#### [Data block]
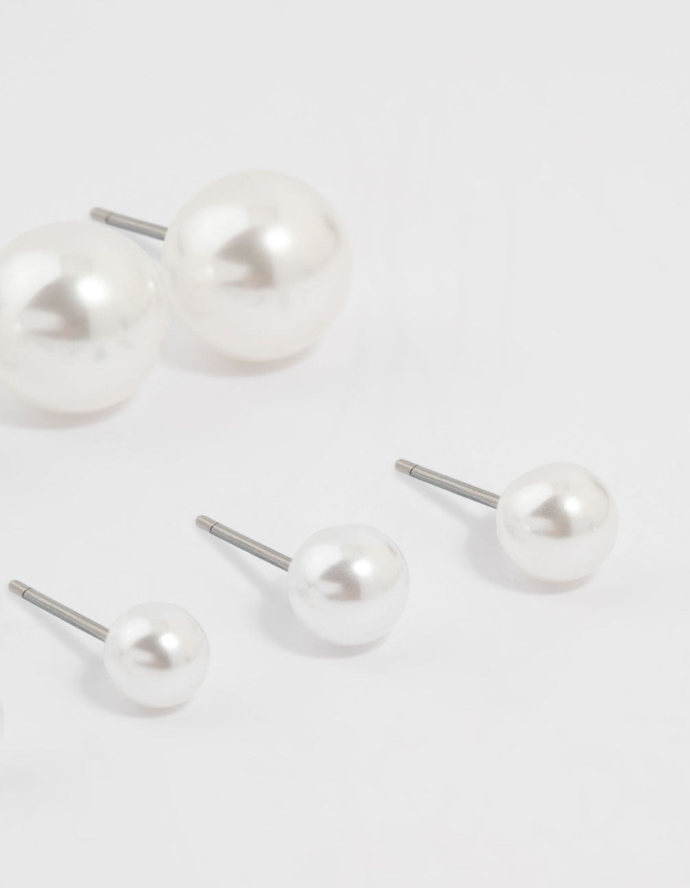Silver Pearl Stud Earrings 8-Pack
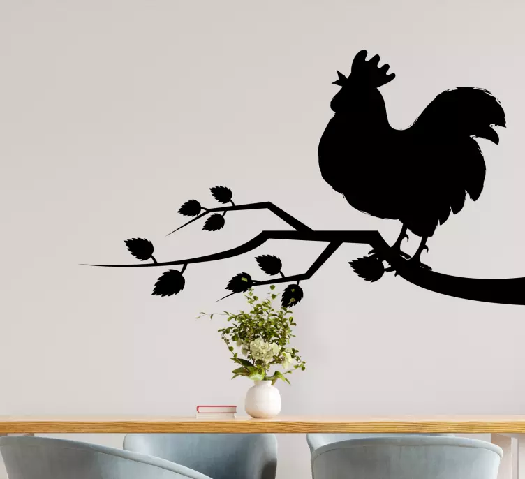 Hivatkozás: A49034Egy figyelemfelkeltő kakas sziluettje ül egy ágon, harmonizálva a természet és a farm életének elemeit. Az ágat díszítő levelek organikus érintést adnak, fokozva a dizájn rusztikus hangulatát, ideálissá téve bármilyen tér vidéki bájának megteremtésére.
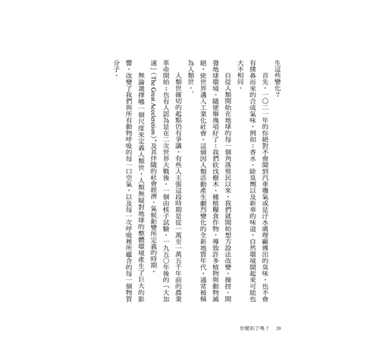 「讀了本書,我們才明白,原來世界上各種氣味的存在,關係著各種生物的存續。如果聞不到某些味道,或是錯誤解讀某些氣味(比如無處不在的塑膠製品),許多生物很可能找不到食物,甚至難以尋覓伴侶。嗅覺的影響如此巨大,人類實在不能再把自己當作上帝,任意改變或泯滅大自然的氣味。而且,愈被人工合成的氣味包圍,對天然氣味的敏感度愈低,各種嗅覺喪失所預告的疾病,像是阿茲海默症,就會埋伏在健康崩壞的路上。這本書帶來的不僅是知識,更敲打著我們的良心,必會激盪出更多守護地球的行動力。」

#### [What is required]
Without the pictures, write out the whole listing above exactly as it appears.

#### [Output for this exercise]
Silver Pearl Stud Earrings 8-Pack
 Hivatkozás: A49034Egy figyelemfelkeltő kakas sziluettje ül egy ágon, harmonizálva a természet és a farm életének elemeit. Az ágat díszítő levelek organikus érintést adnak, fokozva a dizájn rusztikus hangulatát, ideálissá téve bármilyen tér vidéki bájának megteremtésére.
 「讀了本書,我們才明白,原來世界上各種氣味的存在,關係著各種生物的存續。如果聞不到某些味道,或是錯誤解讀某些氣味(比如無處不在的塑膠製品),許多生物很可能找不到食物,甚至難以尋覓伴侶。嗅覺的影響如此巨大,人類實在不能再把自己當作上帝,任意改變或泯滅大自然的氣味。而且,愈被人工合成的氣味包圍,對天然氣味的敏感度愈低,各種嗅覺喪失所預告的疾病,像是阿茲海默症,就會埋伏在健康崩壞的路上。這本書帶來的不僅是知識,更敲打著我們的良心,必會激盪出更多守護地球的行動力。」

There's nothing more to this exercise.